Each time a client returns with feedback—successful or otherwise—we put that knowledge into the next lot we produce. Over time, we’ve formed tight feedback loops between production, application support, and diagnostic labs. In one case, a large manufacturer flagged reduced flow in a third regeneration cycle. Our team traced the issue to a deviation in crosslinker batch characteristics and fixed it for subsequent production. That level of accountability comes from running our own lines every day, not relying on distant vendors or third-party speculation.
Many commodity pyridine polymer suppliers take shortcuts, using off-grade monomers or short-cycling cure steps. By running pilot reactors alongside our high-output lines, we spot lot variation before it leaves the plant. Every operator and technician on our production floor knows poor bead formation or incomplete crosslinking shows up as maintenance headaches later—so pride in getting the batch right lies at the heart of what we do.
Recently, we’ve worked with researchers in selective CO2 capture, advanced battery electrolytes, and enzyme immobilization using our crosslinked poly(2,6-di-tert-butyl-4-vinylpyridine) matrix. In these scenarios, standard resins often deform, yellow, or foul in weeks, creating operational uncertainty and downtime. Our product gives consistent results over extended periods, even under cyclic loading and temperature shifts.
In fine chemical synthesis, catalysis teams have attached transition metal complexes to our polymer and achieved longer active catalyst lives compared to classic crosslinked polystyrenes or non-protected pyridine networks.
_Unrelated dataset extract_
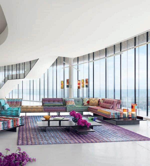 ROCHE BOBOIS - Third floor Mah Jong. Modular sofa, designed by Hans Hopfer. Upholstered in Missoni fabrics. Twin. Floor lamps and table lamps, designed by Clarisse Dutraive. Rockford. Rug, Missoni. French Art de Vivre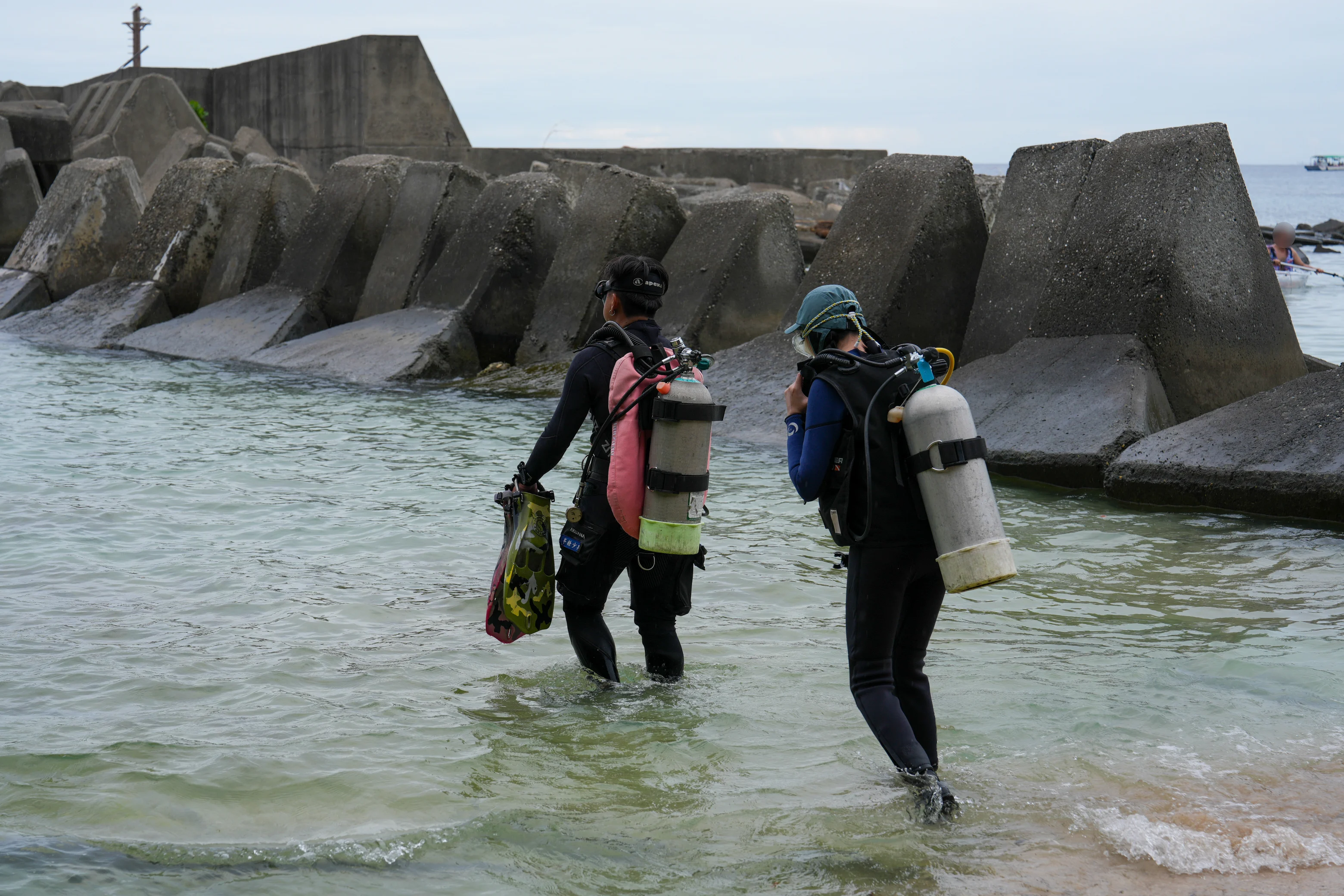 ▼裝備穿完,教練就會帶著學員慢慢走向潛水點,只是整套裝備穿戴在身上時,身體瞬間變得非常沉重,走起路來也有些吃力,幸好這次會由兩位教練一起陪同朋友下水,一位主要負責協助潛水,另一位則主要負責攝影,不僅能讓朋友在水下多一份照應,也能完整紀錄下這段潛水體驗。

Water treatment plants using our material have reported lower pressure drops and less channeling, reducing the energy costs of pushing large volumes through packed beds.
Manufacturers know the frustration of buying raw materials or specialty chemicals that only work okay for the first campaign, then fall off sharply in tough plant conditions. Too many specialty polymers are designed with short pilot trials in mind and ignore the messy, variable, high-throughput world of daily industry.
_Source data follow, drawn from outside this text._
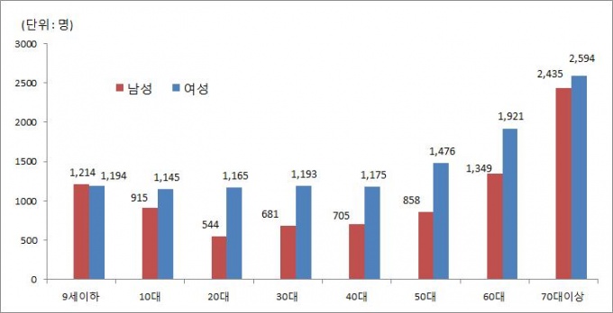 ¼ºº°·Î ±¸ºÐÇÏ¸é ¿©¼ºÀÌ 37¸¸¸íÀ¸·Î ³²¼º 24¸¸6000¸í ´ëºñ 1.5¹è ȯÀÚ°¡ ¸¹¾Ò´Ù. Àα¸ 10¸¸¸í´ç ±âÁØÀ¸·Î ºÐ¼®Çصµ ¿©¼ºÀº 1458¸í, ³²¼ºÀº 963¸íÀ¸·Î ¿©¼ºÀÌ ³²¼ºº¸´Ù ¼ÒȺҷ®À» ´õ ¾Î°í ÀÖ´Â °ÍÀ¸·Î ÆÄ¾ÇµÆ´Ù.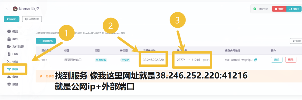 随后我们点击服务 找到公网ip+外部端口打开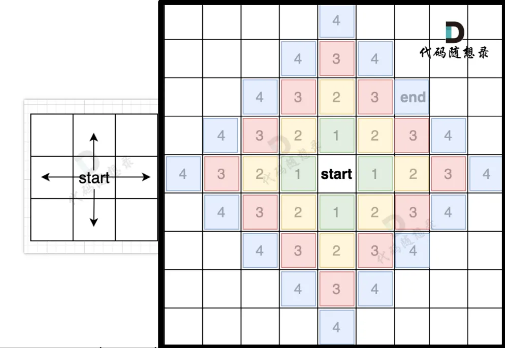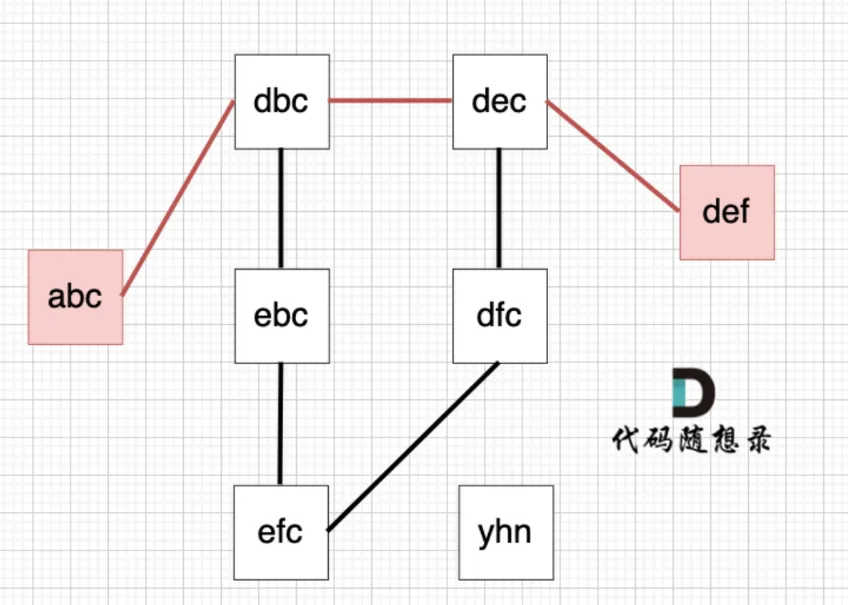从 startStr 到 endStr,在 strList 中最短的路径为 abc -> dbc -> dec -> def,所以输出结果为 4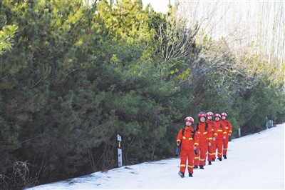 12月28日,杏花岭区杨家峪综合应急中队的工作人员在辖区山林间巡查,紧盯重点区域,筑牢冬季安全“防火墙”。牛利敏 摄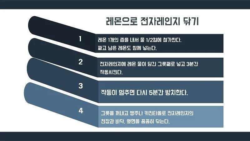 전자레인지의 찌든 때는 대체로 벗겨내기 힘들지만 레몬을 활용하면 좀 더 빠르게 닦아낼 수 있다.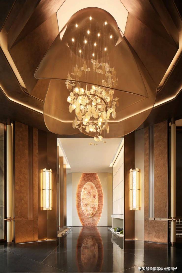 此外,约50米长的月光米黄石材连廊以6米层高和阵列柱式,在粼粼水景与架空层泛会所的映衬下,将归家仪式感推向高潮。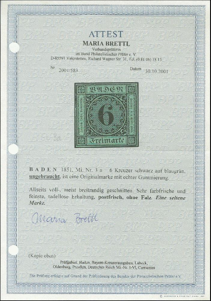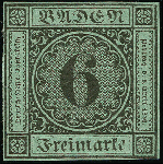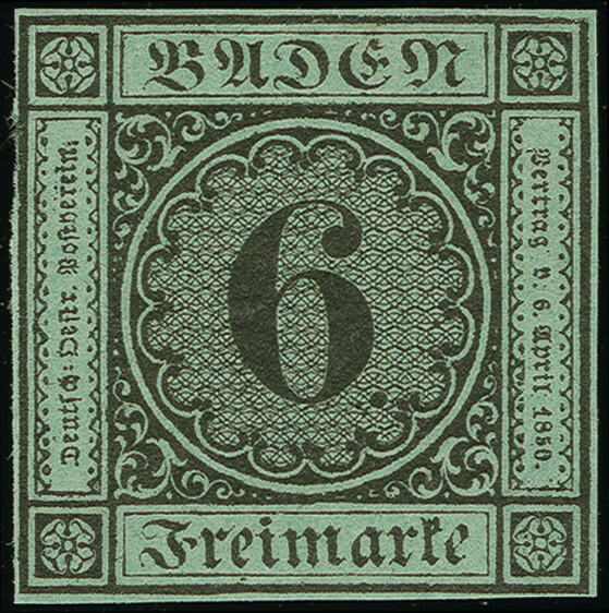 | Zusatzinformationen und Suchstichworte: | Heinrich Köhler 384. Auktion 19./20., 23. - 28. September 2024 Los 8003 Altdeutschland Baden 6 Kreuzer auf blaugrün, sehr schöne Tiefe ursprüngliche Farbe, links oben ganz kurz minimal berührt, sonst voll- bis meist breitrandig, mit vollem Originalgummi, postfrisch. In diese schönen Erhaltung außerordentlich selten. Ausruf 2.000,00 EUR |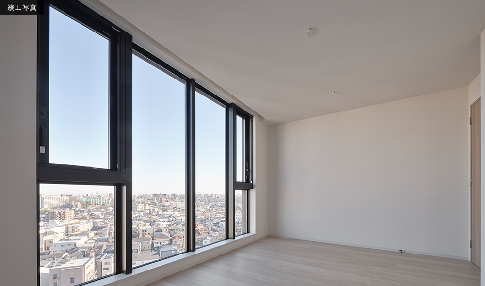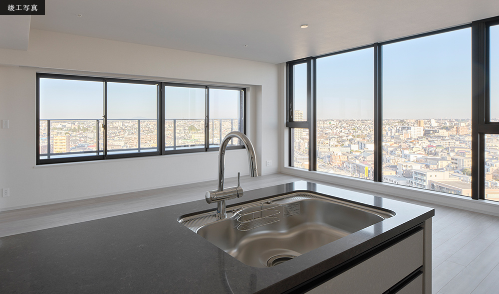 ※掲載の完成予想CGは、計画段階の図面を基に描き起こしたCタイプ/リビング・ダイニングと現地より撮影した南東向き方面の眺望(14階相当/2024年3月撮影)を合成加工したもので実際とは異なります。形状・色彩・外構・植栽等は実際とは異なります。形状の細部・設備機器・配管等は省略または簡略化の上、表現しております。今後、行政指導・施工上の理由等により、計画に変更が生じる場合があります。家具・調度品は販売価格に含まれておりません。眺望は階数や部屋によって異なります。また眺望は周辺環境の変化などによって変わる場合があり、将来的に眺めを保証するものではございません。

Our crosslinked poly(2,6-di-tert-butyl-4-vinylpyridine) remains rock solid in extended, gritty service—because we spent the bulk of our development time not in the pilot plant but in troubleshooting and optimizing under full-scale, unfiltered plant conditions. That experience taught us to engineer more practical handling, cleaner regeneration cycles, and reliable long-term performance instead of chasing theoretical uptick in a test tube.
By running our own manufacturing and deep process analytics, we deliver repeatable batches with known lot-to-lot consistency—no unexplained downtime, no premature fouling, and no last-minute supplier drama. We source our own monomers, analyze every critical input, and maintain oversight from kettle charge to final drum. That commitment aligns with years of customer trust and sets our process apart from quick-turn traders or repackagers.
Every kilo of poly(2,6-di-tert-butyl-4-vinylpyridine) crosslinked with divinylbenzene leaves our doors reflecting lessons learned on the production floor and the realities of industrial chemistry. From its bead integrity under pressure, to its resistance against heat, acid, base, and oxidants, we’ve shaped and improved this material based on what matters at scale—not on glossy brochure promises.
Our partners use it because it shows real endurance and real-world reliability. For any engineer, chemist, or operator who has suffered through unreliable purification resins, this polymer stands as a tool built by people who understand the pressures and surprises of day-to-day chemical production.
We keep innovating—not on trend, but on the pressing needs we hear from the floor, the lab, and the line. That’s how our material finds its place in mission-critical filtration, advanced catalysis, and the next generation of process improvement.